Que ganas de hacerme esperar, sólo para ver sus caras de desesperación —pensó con malicia, pero ese día, ya no lo haría; guardaría aquella idea para más adelante.

….

El día había sido agotador. A Kai, sin duda se le había pasado la mano con el ensayo ¡Cinco horas seguidas tocando y sin descanso! Amaba lo que hacía, pero le había parecido una tortura; sus dedos se encontraban acalambrados a más no poder de tanto tocar su guitarra. Suspiró cansadamente y se dirigió a la ducha tomando una toalla blanca desde el lado del closet que Uruha había destinado para ellas, justo debajo de la repisa donde se encontraban los pijamas de ambos; sonrió al ver uno de color morado perteneciente a su pareja, pero así como la sonrisa vino se desvaneció al recordar que el castaño llevaba días evitándole. Lo que se le hacía sumamente extraño: Ya no se iban juntos a la compañía, no desayunaban ni comían juntos, ya no hacían nada; Sólo compartir cama.

Trato de no darle muchas vueltas al asunto, creía conocer a Uruha y probablemente tenía uno de sus tantos “problemas existenciales” los cuales se iban tan rápido como venían normalmente. Y para no seguir así, le daría un incentivo al que sabía, el castaño no se negaría. Pero para ello, debía ir a la cocina por algo fuerte de beber luego, luego de tomar su baño —No podía sin anestesiar sus emociones y sentidos. Aún no—: Con esa idea, se metió a la ducha, ignorando completamente lo que Shima se encontraba haciendo en la sala con el pequeño portátil sobre la mesita de centro.

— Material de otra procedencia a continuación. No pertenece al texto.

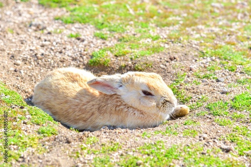 Obraz premium Wild Rabbit Relaxing on Okunoshima Island in Japan

El castaño sentía el peso del ensayo sobre sus dedos y  cuerpo en general, pero sin dejarse afectar, movía los dedos sobre el teclado como si fuese una “secretaria” profesional; sin siquiera mirar sus dedos y las teclas al escribir, sólo la pantalla mientras leía lo más rápido que le era posible. Analizando detenidamente cada una de las opciones de búsqueda que aparecieron en el mismo momento que escribió lo que deseaba saber.
Necesitaba informarse antes de tomar una decisión, debía informarse antes de… decirle a Yuu.

“Adopción”. No, no era eso lo que buscaba.

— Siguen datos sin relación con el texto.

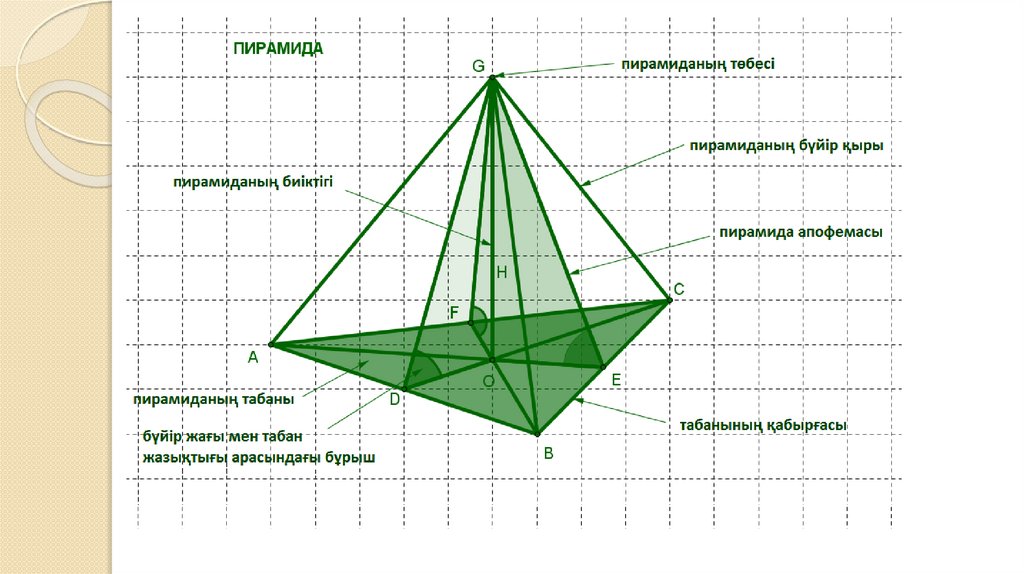 Пирамида дегеніміз пирамиданың табанынан(жазық көпбұрыштан), пирамиданың төбесінен және

“Inseminación artificial”. Podía ser, pero en él no se podía aplicar; así que necesitaba a alguien más.

—Un vientre de alquiler… —susurró, encontrando finalmente lo que deseaba.

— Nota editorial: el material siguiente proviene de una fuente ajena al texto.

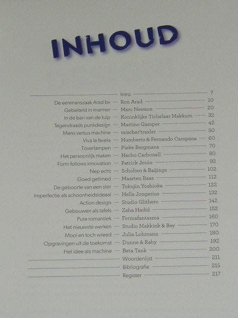 Design gaat niet meer alleen over gebruiksvoorwerpen. Het is ook een barometer die peilt wat de wensen en verlangens van de samenleving zijn. Door in een stoel of een vaas meer te zien dan een object, door er een verhaal bij te vertellen is vormgeving, zoals Jeroen Junte in zijn inleiding van dit boek schrijft, toegetreden tot de 'high culture'. Aan de hand van twintig objecten en de makers daarvan worden de verhalen over wat de functie van ontwerpen is verteld. Pieke Bergmans bijvoorbeeld vertelt over de relatie tussen haar lampen en het dadaïsme en surrealisme. De lampen in deze ontwerpen lijken als lava uit hun armatuur te komen. Maarten Baas probeert in zijn klokken het verstrijken van de tijd uit te beelden, in plaats van een tijdstip, en in de vazen van Studio Glithero wordt een langgerekte saxsolo van Charlie Parker verbeeld. Opvallend aan deze ontwerpen is dat nostalgie en droomwereld heel goed te combineren zijn in ultramodern ontwerp. |

Esa era la solución, esa era su solución; lo único que podía hacer para que su Yuu tuviera el hijo que deseaba —un hijo biológico— sin necesidad de dejarle, sin necesidad de que el otro le engañase.

Si necesidad…

Sintió como Yuu se acercaba, cerrando de golpe el portátil para que su pelinegro no viese lo que se traía entre manos, dejándose hacer cuando el otro se acomodó detrás suyo, enrollando sus brazos en su cintura, besándole, acariciándole… Quería creer, que es noche se entregarían mutuamente, pero desde el momento que entró en contacto con la piel del otro, supo que no sería así.

Él se entregaría por completo a Yuu, pero éste, no lo haría.
De todos modos, su hijo vendría en camino, pronto, muy pronto.